Extracted material:
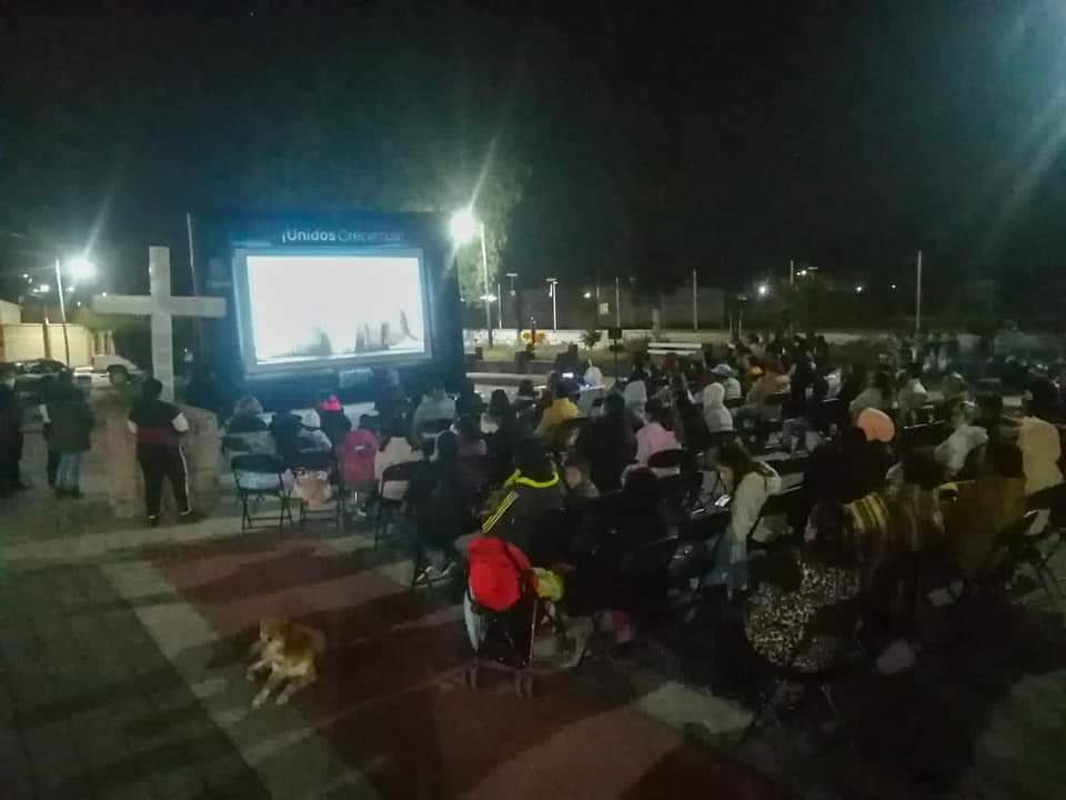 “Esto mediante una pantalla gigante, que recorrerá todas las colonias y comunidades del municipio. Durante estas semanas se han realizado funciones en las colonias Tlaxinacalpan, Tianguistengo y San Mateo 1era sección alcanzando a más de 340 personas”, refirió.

--

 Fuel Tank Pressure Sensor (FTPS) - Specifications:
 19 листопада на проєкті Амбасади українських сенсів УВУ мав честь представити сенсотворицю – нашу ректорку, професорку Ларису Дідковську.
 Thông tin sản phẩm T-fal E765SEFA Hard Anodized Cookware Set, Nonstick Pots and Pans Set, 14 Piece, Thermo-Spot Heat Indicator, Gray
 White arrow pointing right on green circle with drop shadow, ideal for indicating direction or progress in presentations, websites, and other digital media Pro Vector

...

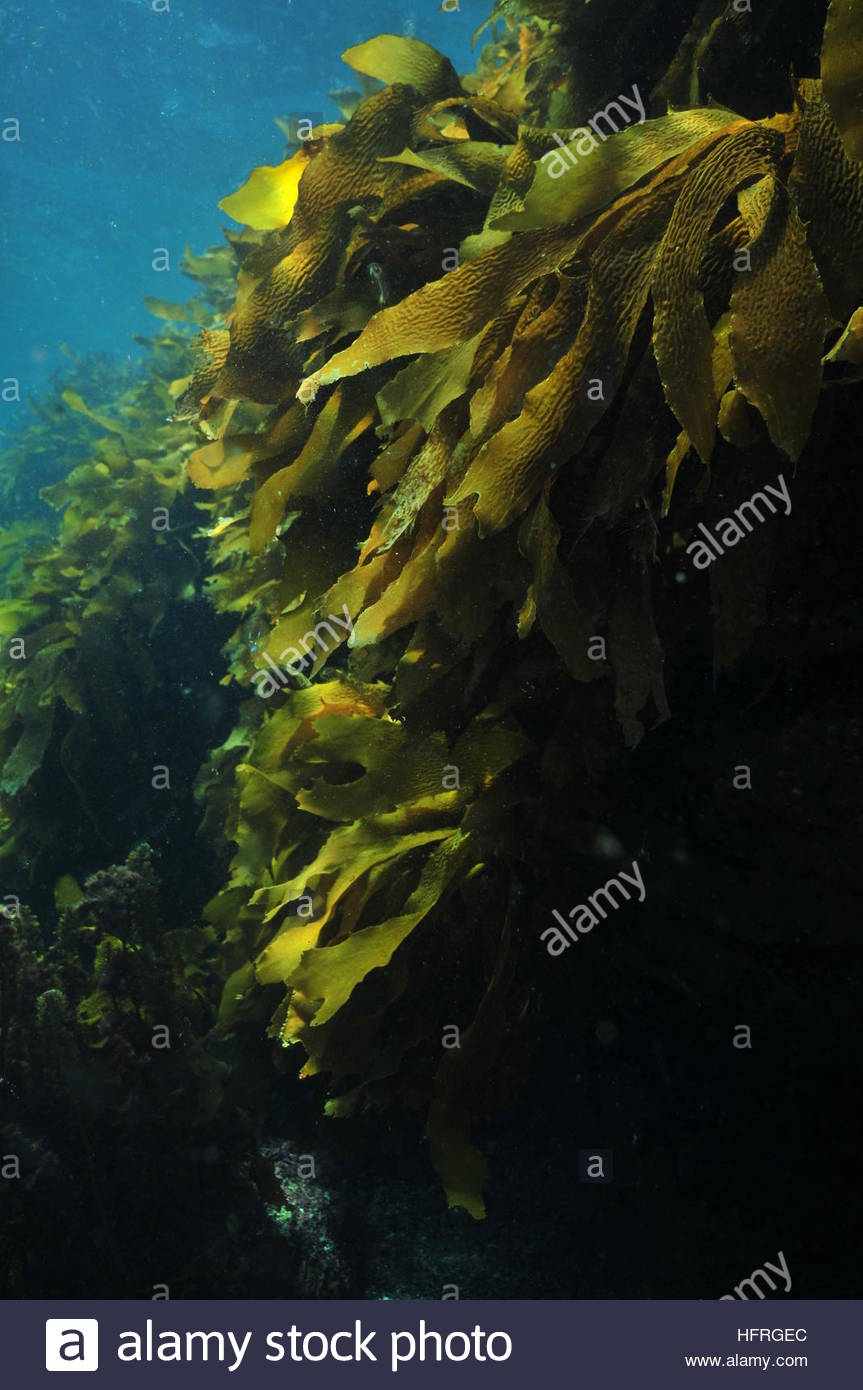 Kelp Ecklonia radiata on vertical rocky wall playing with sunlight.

Problem requirements: Copy word for word the stretch of entries above from the line that has "19 листопада на" through the line that has "Thông tin sản", both ends included, and nothing outside it.

Solution:
 19 листопада на проєкті Амбасади українських сенсів УВУ мав честь представити сенсотворицю – нашу ректорку, професорку Ларису Дідковську.
 Thông tin sản phẩm T-fal E765SEFA Hard Anodized Cookware Set, Nonstick Pots and Pans Set, 14 Piece, Thermo-Spot Heat Indicator, Gray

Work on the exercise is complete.